Management's Discussion and Analysis of
Financial Condition and Results of Operations

Results of Operations.

Sales for 1995 were $11.8 billion, compared to $11.1 billion for 1994, up 6.4%.
Average weekly store sales increased 6.8% for the year, while identical store
sales increased 3.0%. Sales for the fourth quarter of 1995 were $2.9 billion,
compared to $2.6 billion for the fourth quarter of 1994, up 11.5%. For the
quarter, average store sales increased 9.5%, while identical store sales
increased 3.8%. Sales for the fourth quarter were positively affected by
approximately 1.0% due to Easter falling in the fourth quarter versus the third
quarter last year. Excluding the acquisition of Thriftway, sales for the year
would have been $11.7 billion, an increase of 5.3%, and for the fourth quarter,
$2.8 billion, an increase of 7.0%.

In fiscal year 1995, the Company opened and acquired 108 stores averaging 47,100
square feet, enlarged or remodeled 86 stores and closed 92 stores, averaging
27,300 square feet.

As a percent of sales, gross profit margins were 23.1%, 22.9% and 22.6% in
fiscal 1995, 1994 and 1993, respectively. The increase in gross profit margins
is a result of an improved inventory mix in our larger stores. Approximately
91% of the Company's inventories are valued under the LIFO (last-in, first-out)
method. The LIFO calculations resulted in a $7.3 million pre-tax decrease in
gross profit in 1995, a pre-tax increase in gross profit of $2.0 million in 1994
and a pre-tax decrease in gross profit of $0.5 million in 1993.

Operating and administrative expenses, as a percent of sales, were 20.9%, 20.5%
and 20.3% in fiscal 1995, 1994 and 1993, respectively. Our major increases in
operating and administrative expenses are due to a higher payroll percentage in
our larger stores, insurance premiums, occupancy cost and depreciation expense.

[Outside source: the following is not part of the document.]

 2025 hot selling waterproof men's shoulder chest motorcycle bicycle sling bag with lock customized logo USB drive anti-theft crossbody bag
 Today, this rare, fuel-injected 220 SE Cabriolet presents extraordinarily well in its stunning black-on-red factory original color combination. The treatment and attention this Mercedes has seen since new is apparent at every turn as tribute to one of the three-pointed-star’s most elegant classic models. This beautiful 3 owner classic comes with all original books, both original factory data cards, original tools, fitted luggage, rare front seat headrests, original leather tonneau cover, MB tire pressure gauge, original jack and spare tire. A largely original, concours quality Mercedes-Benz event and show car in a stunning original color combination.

Cash discounts and other income amounted to $106.9 million, $98.1 million and
$132.4 million in 1995, 1994 and 1993, respectively. The increase in 1995 is
due to an increase in cash discounts resulting from an increase in purchases of
merchandise for resale. The decrease in 1994 is attributable to a reduction in
financial income, including the elimination of dividends from our Bahamas
subsidiary. Gains (losses) on the sales of securities and other assets amounted
to $0.0 million in 1995, $(3.2) million in 1994 and $4.5 million in 1993.
Investment income amounted to $0.5 million, $4.0 million and $8.4 million in
fiscal 1995, 1994 and 1993, respectively.

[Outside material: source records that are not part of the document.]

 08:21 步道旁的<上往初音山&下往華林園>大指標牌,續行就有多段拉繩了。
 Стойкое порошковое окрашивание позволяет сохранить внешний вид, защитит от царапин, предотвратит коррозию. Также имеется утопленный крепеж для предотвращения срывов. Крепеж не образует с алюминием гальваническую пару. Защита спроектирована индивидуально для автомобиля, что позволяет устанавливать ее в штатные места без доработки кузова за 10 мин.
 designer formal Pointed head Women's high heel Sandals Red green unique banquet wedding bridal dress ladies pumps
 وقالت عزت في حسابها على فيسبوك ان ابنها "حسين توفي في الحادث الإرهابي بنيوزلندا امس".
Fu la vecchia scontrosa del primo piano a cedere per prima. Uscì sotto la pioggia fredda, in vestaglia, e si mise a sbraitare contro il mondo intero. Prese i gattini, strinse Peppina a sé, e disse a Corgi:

Interest expense totaled $14.3 million, $14.3 million and $18.1 million in
fiscal 1995, 1994 and 1993, respectively. Interest expense primarily reflects a
computation of interest on capital lease obligations. The 1995 increase in
other interest expense is due to an increase in short-term borrowings. The 1994
decrease in other interest expense was due to a decrease in short term
borrowings.

Earnings before income taxes were $354.0 million, $348.5 million and $363.7
million in fiscal 1995, 1994 and 1993, respectively. The 1995 increase in
pre-tax earnings is primarily a result of an increase in gross profit margin
from a better inventory mix and an increase in cash discounts and other income.
The decrease in pretax earnings in 1994 was primarily the result of a decrease
in other income. The effective income tax rates were 34.4%, 38.0% and 35.0% for
fiscal 1995, 1994 and 1993, respectively.

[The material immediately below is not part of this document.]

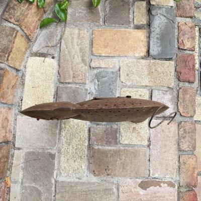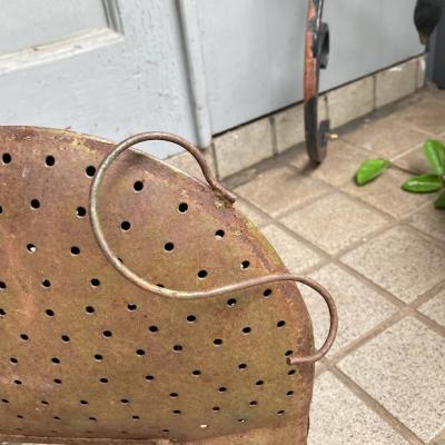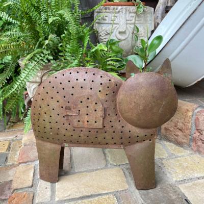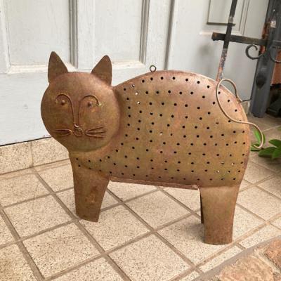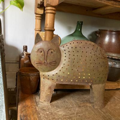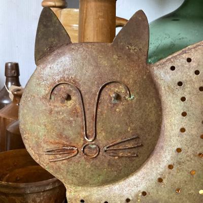 ガーデニングが盛んなイギリスらしい愛らしい表情をした猫のシェードが届きました!裏側には小さな扉が隠されていて、キャンドルや電球を入れられるようになっています。電池式の電球を入れてみたら、猫の身体に開いている穴からキラキラと光が溢れ出してきました。サビが彫刻のように美しい猫のシェードは、グリーンとも相性抜群です。玄関先に置くと、お客様を驚かせること間違いなしですね。壁にも掛けられますので、目を引くアートに早変わりです。サビ好きさんにおすすめ。年代不詳、イギリス製。
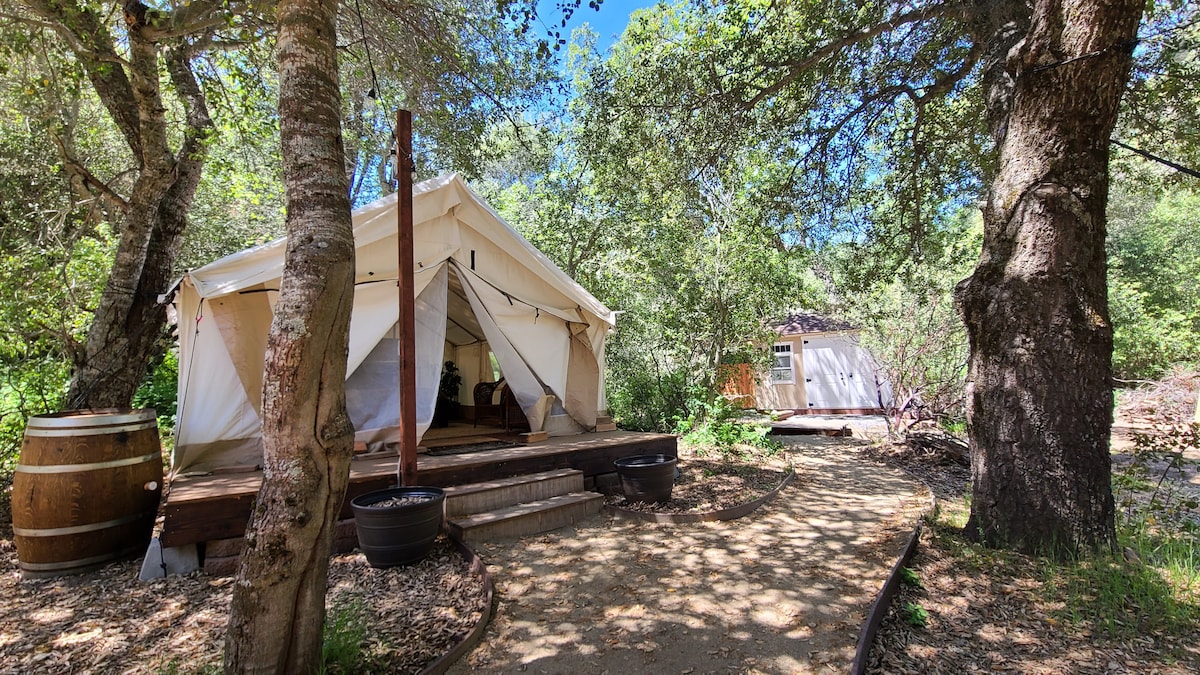 Experience old west fun & luxurious comfort in a real Safari Tent. With a plush queen bed, our tent is perfect for a romantic weekend, family adventures, girl's/boy's weekends, or just for a few days away! Nestled in the gorgeous Santa Monica mountains complete with beautiful views and grand oak trees. Next door sits Prospector Ranch with an authentic saloon & horses.. hiking & biking trails. The 101 freeway, LA, beaches, breweries & wineries are minutes away!

Net earnings amounted to $232.2 million, or $3.11 per share for 1995, $216.1
million, or $2.90 per share for 1994 and $236.4 million, or $3.11 per share for
1993. The LIFO calculations decreased net earnings by $4.6 million, or $0.06
per share in 1995, increased earnings by $1.1 million, or $0.01 per share for
1994 and decreased net earnings by $0.3 million, or $0.00 per share for 1993.

F-2

Liquidity and Capital Resources.

The Company's financial condition remains very sound and very strong. Cash and
cash equivalents amounted to $30.4 million at year-end. Cash provided by
operating activities amounted to $416.4 million in 1995, $436.3 million in 1994
and $213.0 million in 1993.

Net capital expenditures totaled $371.6 million, compared to $277.7 million for
the previous year. These expenditures were for new store locations, store
enlargements and remodelings, and the expansion of a warehouse facility. Total
capital investment in Company retail and support facilities, including operating
leases, is estimated to be $650 million in 1995 and projected to be $700 million
in 1996. The Company has no material construction or purchase commitments
outstanding as of June 28, 1995.

Working capital amounted to $425.5 million, $488.0 million and $544.7 million
for 1995, 1994 and 1993, respectively. Inventories on a FIFO (first-in,
first-out) basis increased $108.0 million, primarily due to the increase in the
number of stores and our store enlargement program.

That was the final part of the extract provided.